The latest findings from the Zoe PREDICT study identified 15 “good” gut microbes linking better health to a healthy, varied diet. “Unsurprisingly, we found a strong association between eating a diet rich in minimally processed plant-based foods and having more species of ‘good’ gut bugs.”
So why wasn’t horticulture central to the Farm to Fork summit?
Horticulture for health
While government weight loss campaigns focus on calorie labelling of alcohol and foods, their advertising, and developing drug treatments and digital tool apps to aid weight loss, a better solution could be serious investment in locally grown horticulture.

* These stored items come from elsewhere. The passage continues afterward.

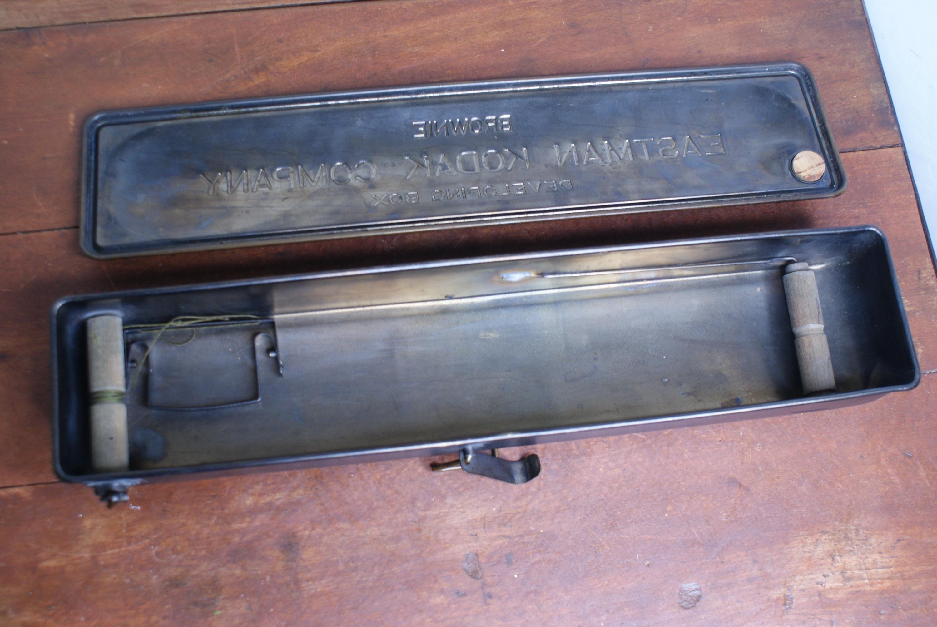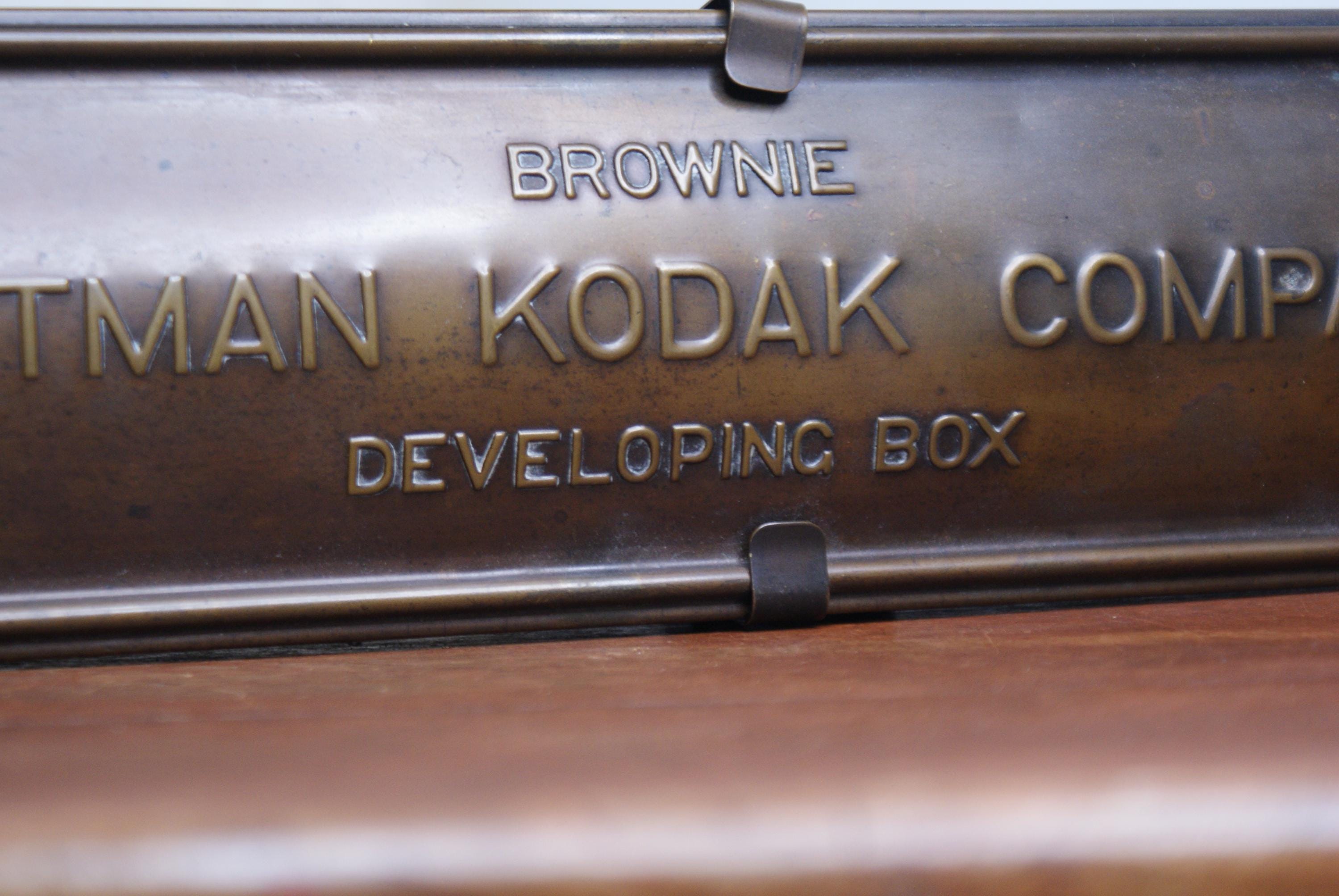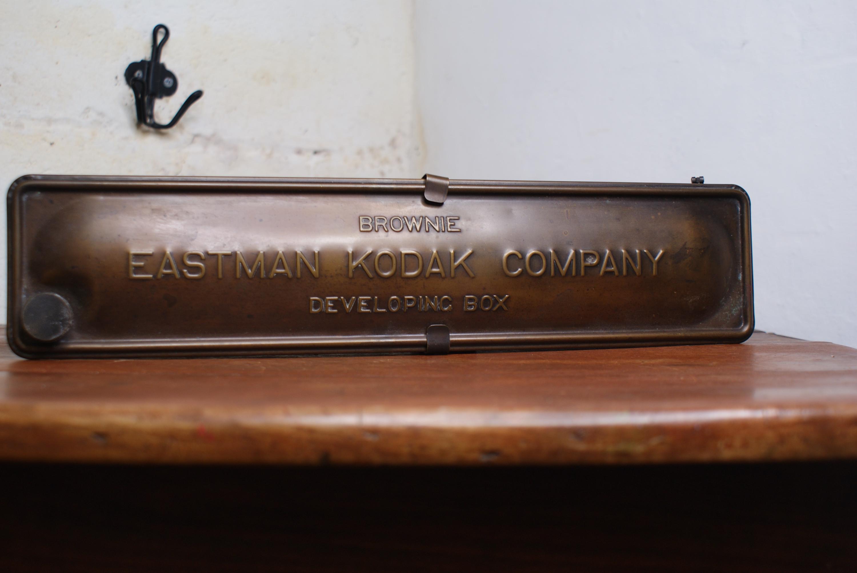 A Brownie Eastman Kodak Developing Box In Superb condition. This is a fantastic piece of photography history and a real collectors piece and has a fantastic decorative quality on its own. The Brownie camera was introduced in the 1900's as an affordable way to introduce photography to the masses and Eastman Kodak Developing Box was designed so users could develop there own films. The box is designed for use 117 roll film. The box as said above is in excellent condition I don't think its ever been used one small scuff as pictured, the previous owner has also left instructions on its use which are inside the box but not original. The developing box is USA made.
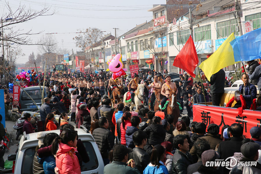 西部網(wǎng)訊(記者 魏永賢)2月9日,正月十三,周至集賢古鎮(zhèn)上演狂野古樸的精身子打社火。集賢村東村、西村、新城村、北街村四個村的老少爺們光著身子不畏嚴寒或騎馬或行走跑步,在四個村之間巡游,引得四鄰八鄉(xiāng)群眾紛紛圍觀,因男人們大多參與精身子打社火活動,圍觀的人中多為女性。
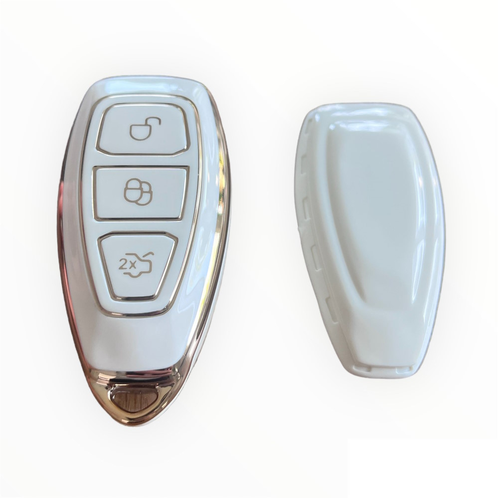Husă cheie smartkey compatibilă Ford Kuga, TPU albă cu contur auriu, 3 butoane
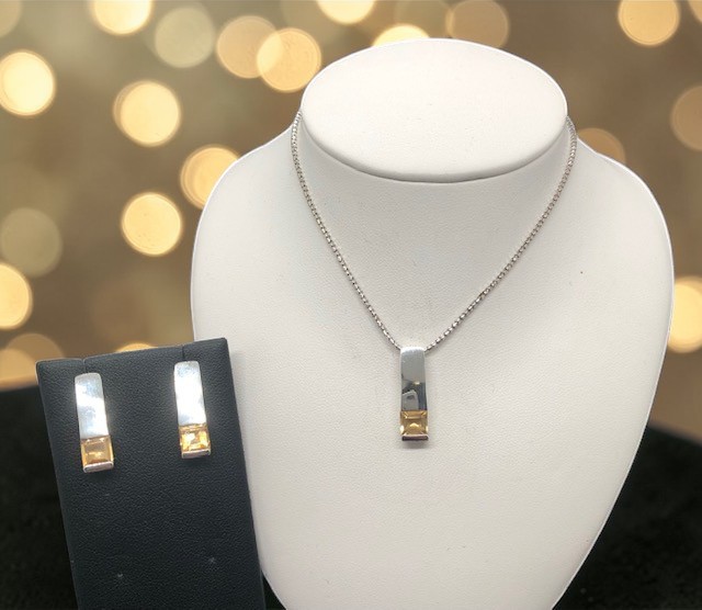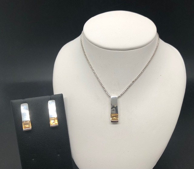 Boucles d’oreilles  et pendentif argent 925, pierres Citrine
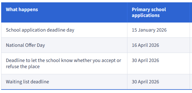 APPLYING FOR A PRIMARY SCHOOL PLACE FOR SEPTEMBER 2026
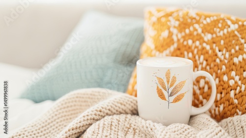 Close up of a cozy autumn themed mug with leaf design, nestled on a soft knitted blanket with pillows. Concept of warmth, comfort, and relaxation.
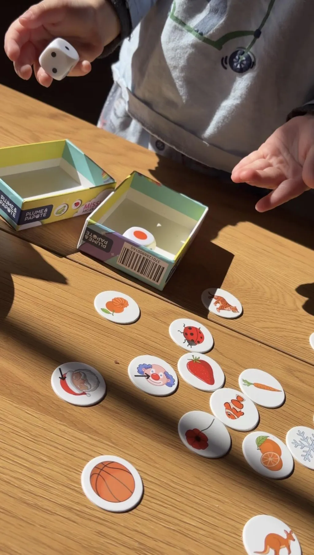 Grâce aux dés, ils doivent repérer le plus vite possible les bons jetons : 3 objets rouges ? Vite! Une fraise, un camion de pompier, un coquelicot !
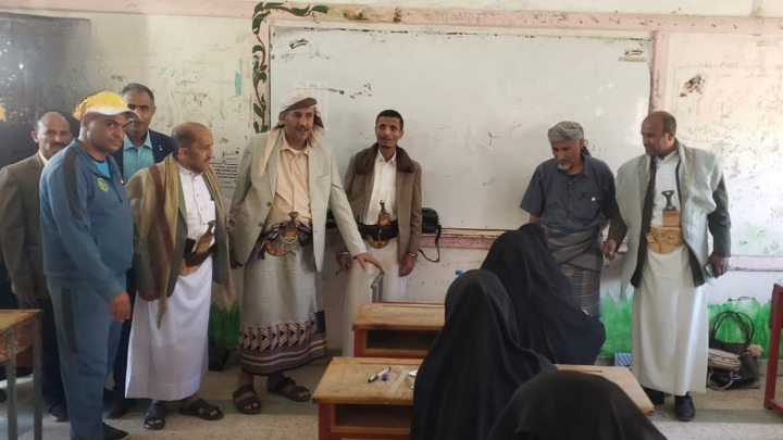 تفقد وكلاء محافظة البيضاء: عبدالله الجمالي، وزين الريامي، وأحمد السيقل وناصر العجي اليوم سير اختبارات الشهادة الثانوية العامة في مدينتي البيضاء ورداع ومديرية العرش.
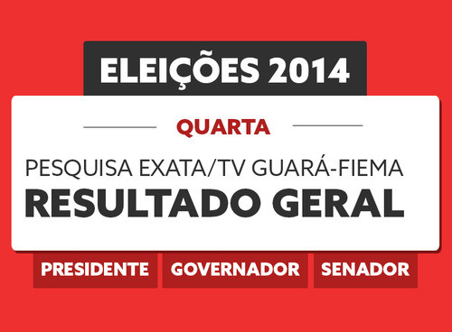 São Luís - A parceria entre a Federação das Indústrias do Estado do Maranhão (Fiema) e a TV Guará divulgou nova Pesquisa de Intenção de Voto para as Eleições de 2014. A sondagem foi realizada pelo Instituto Exata entre os dias 23 e 28 de agosto, quando foram ouvidas 1.400 pessoas em 45 municípios maranhenses escolhidos aleatoriamente, mas contemplando as quatro regiões do estado e a ilha de São Luís.
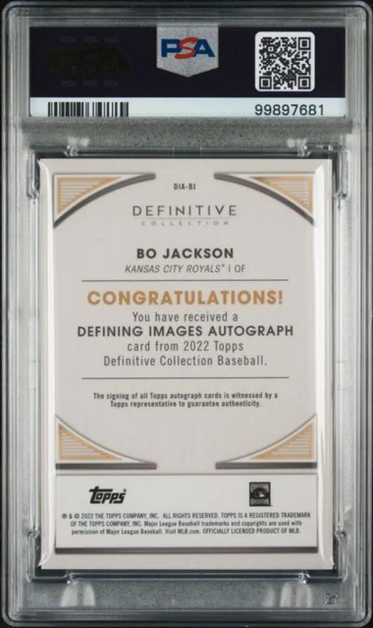 2022 Topps Definitive #DIABJ Bo Jackson PSA 9 MINT Auto Kansas City Royals Baseball Card
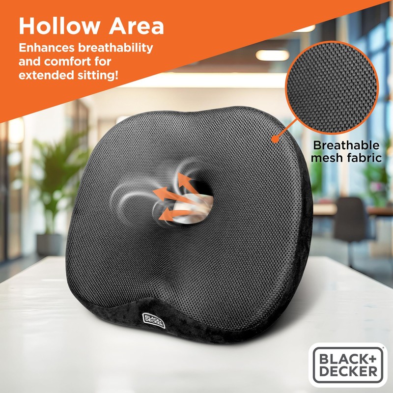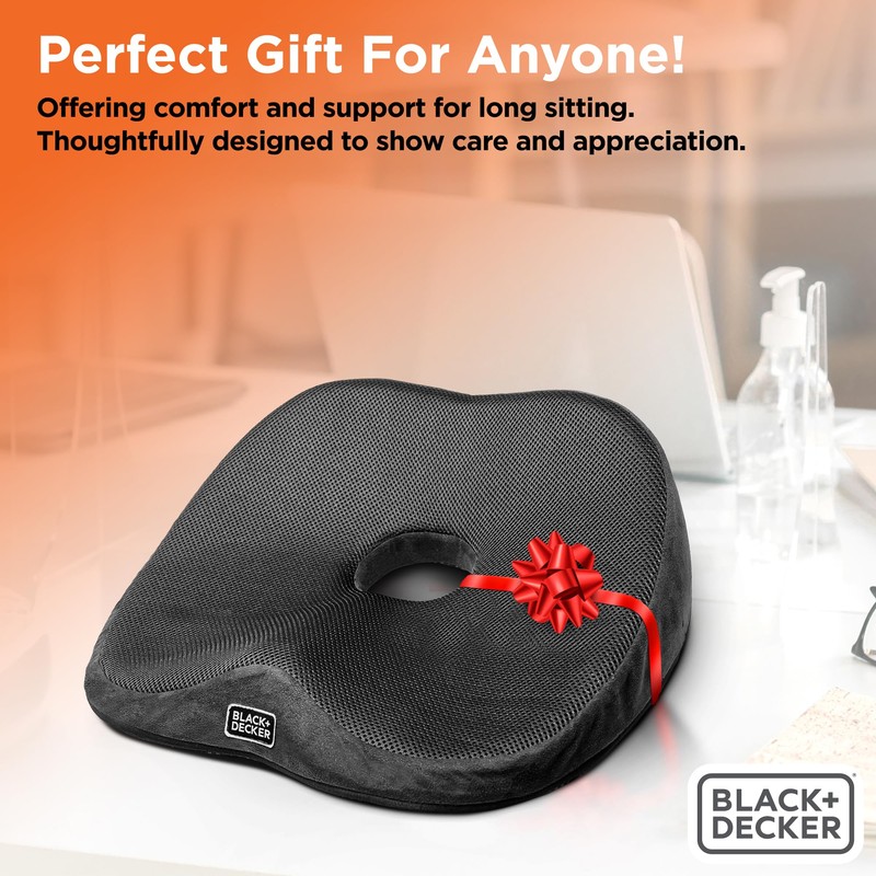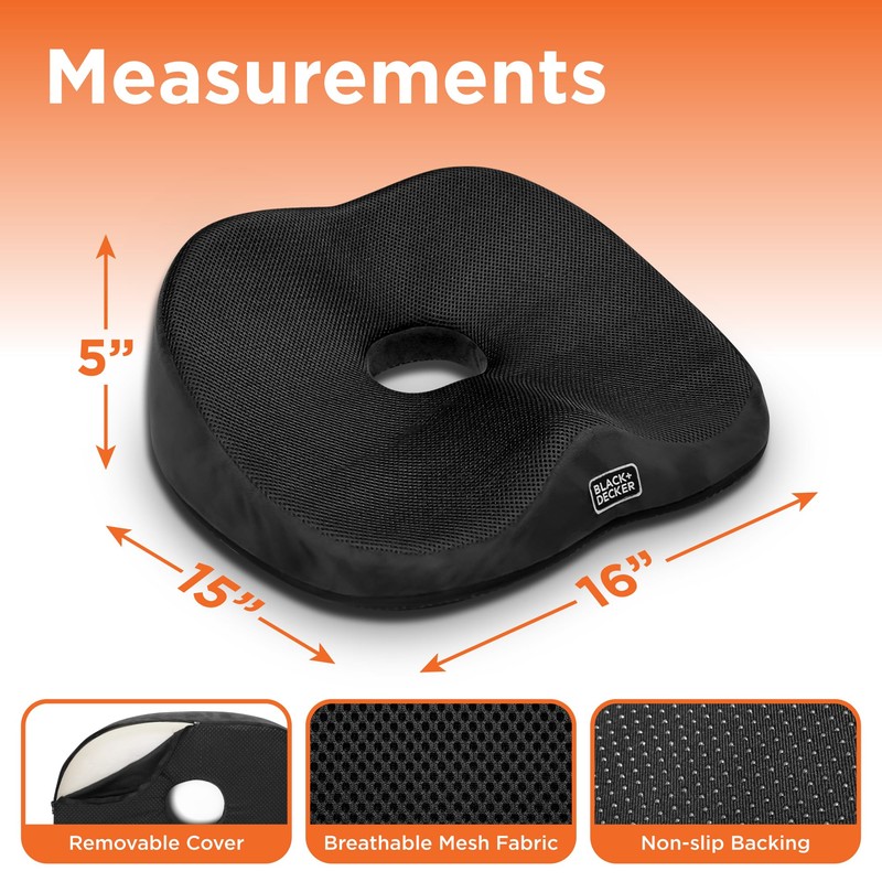 BLACK+DECKER High Back Tailbone Seat Cushion – Memory Foam Chair Cushion for Office, Car, Wheelchair & Airplane – Ergonomic, Non Slip, Breathable Mesh, Sciatic Pain Relief, Washable Cover, Black
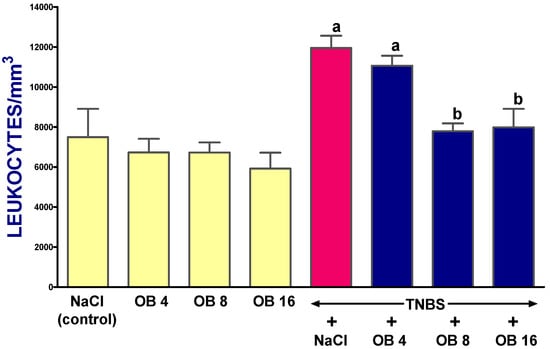 Effect of saline (NaCl) or obestatin given at doses of 4 nmol/kg (OB4), 8 nmol/kg (OB8), or 16 nmol/kg (OB16), and induction of TNBS-induced colitis on the number of blood leukocytes. Mean ± SEM. n = 10 in each group of animals. a p < 0.05 when compared with control; b p < 0.05 when compared with colitis + NaCl.
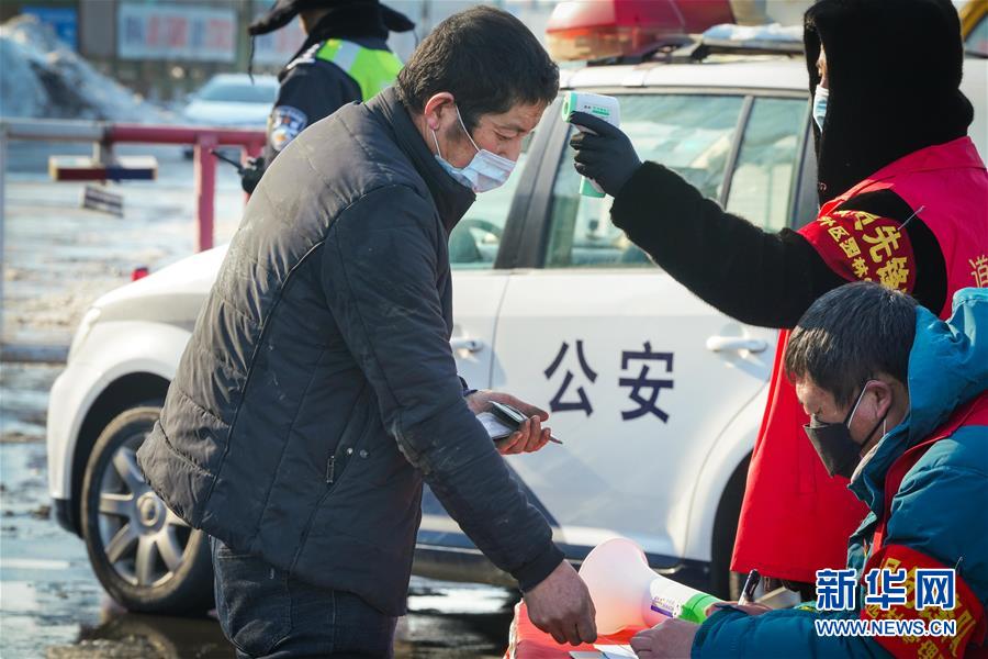 2月24日,工作人員在哈同高速公路哈爾濱收費(fèi)站為車輛人員登記、測(cè)體溫。 新華社記者 王松 攝
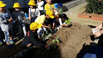 天気もよく、1年生は冬野菜植えにチャレンジ。ニンジン、大根は種から、チンゲンサイなどは苗からです。ニンニクを植えた1年生もいました。成長したら、私にもあげると約束してくれました。楽しみですね。
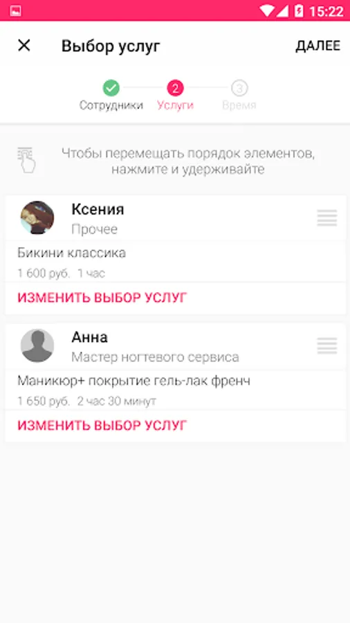 An opportunity to choose a convenient time and a set of manicure, pedicure, eyelash extension and eyebrow correction procedures suitable only for you.
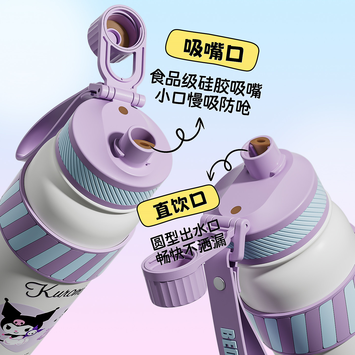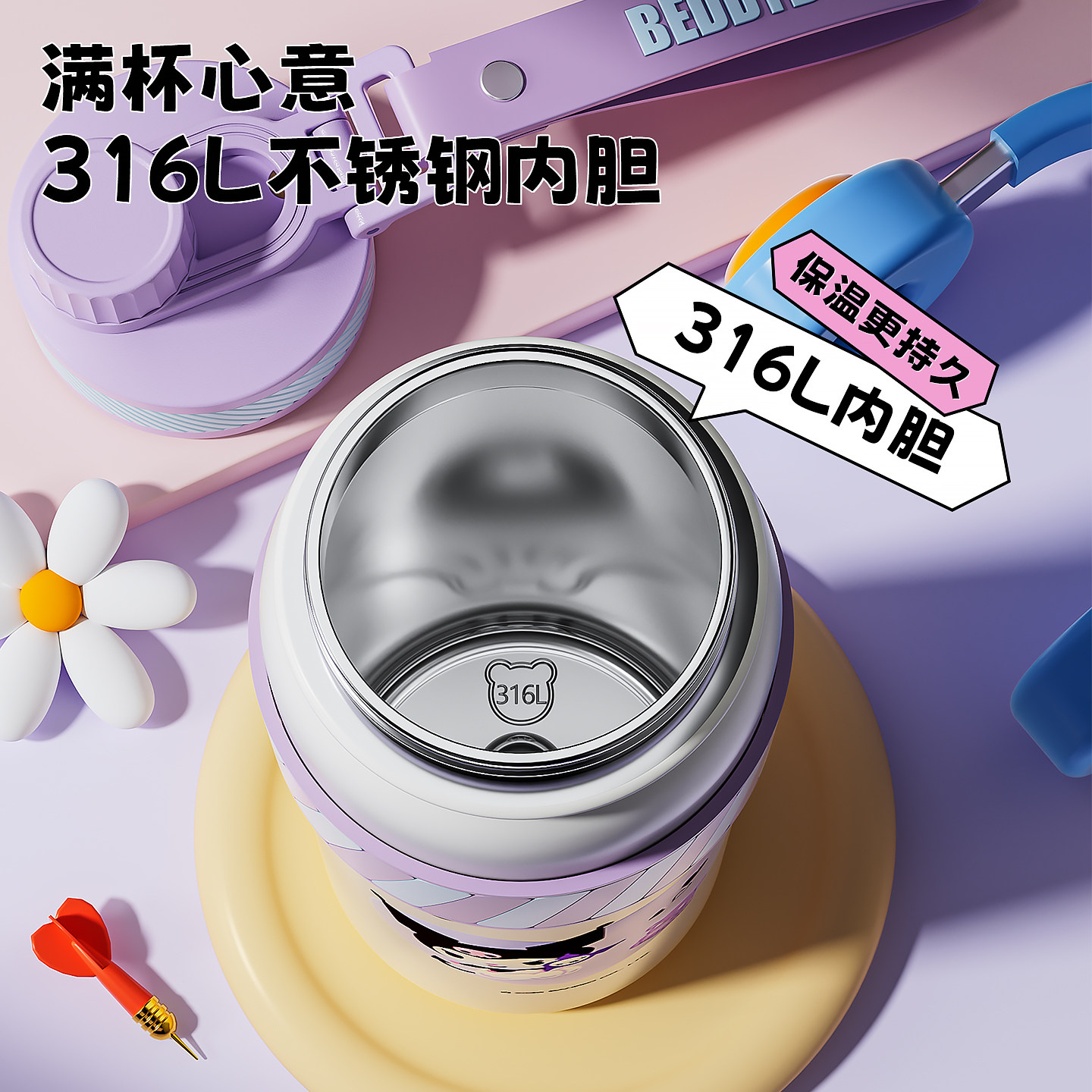 📚 杯具熊朝气保温壶儿童双饮保温杯学生便携水杯提手大容量吸管杯子

Fruit and vegetables are high in fibre, vitamins and minerals making them central to a healthy diet. Yet the UK produces only 35% of its total supply of fruit and vegetables. For improved heath the nation needs to massively increase the amount of fruit and vegetables consumed (by 86%).
Economically horticulture is, according to Sustain, worth over £5 billion, far more per hectare than other farm sectors and it is a significant employer too. So why has the Government ditched the Horticulture Strategy promised in the Government’s food strategy? Why is it only proposing an Autumn review?
“Why a horticulture strategy is not a top governmental priority baffles me, given the shelves empty of veg earlier this year and the very high probability that this will reoccur, and with greater frequency, as climate instability starts to play havoc with our supplies here and overseas.” says Sustain’s Head of Sustainable Farming, Vicki Hird. “Promises of food strategies often end up as vague nothings, or weak consultations with little sign of actual action, joined-up thinking or new resources.”
“You are what you eat” said Nanny. And we all know, Mr Sunak, that Nanny knows best.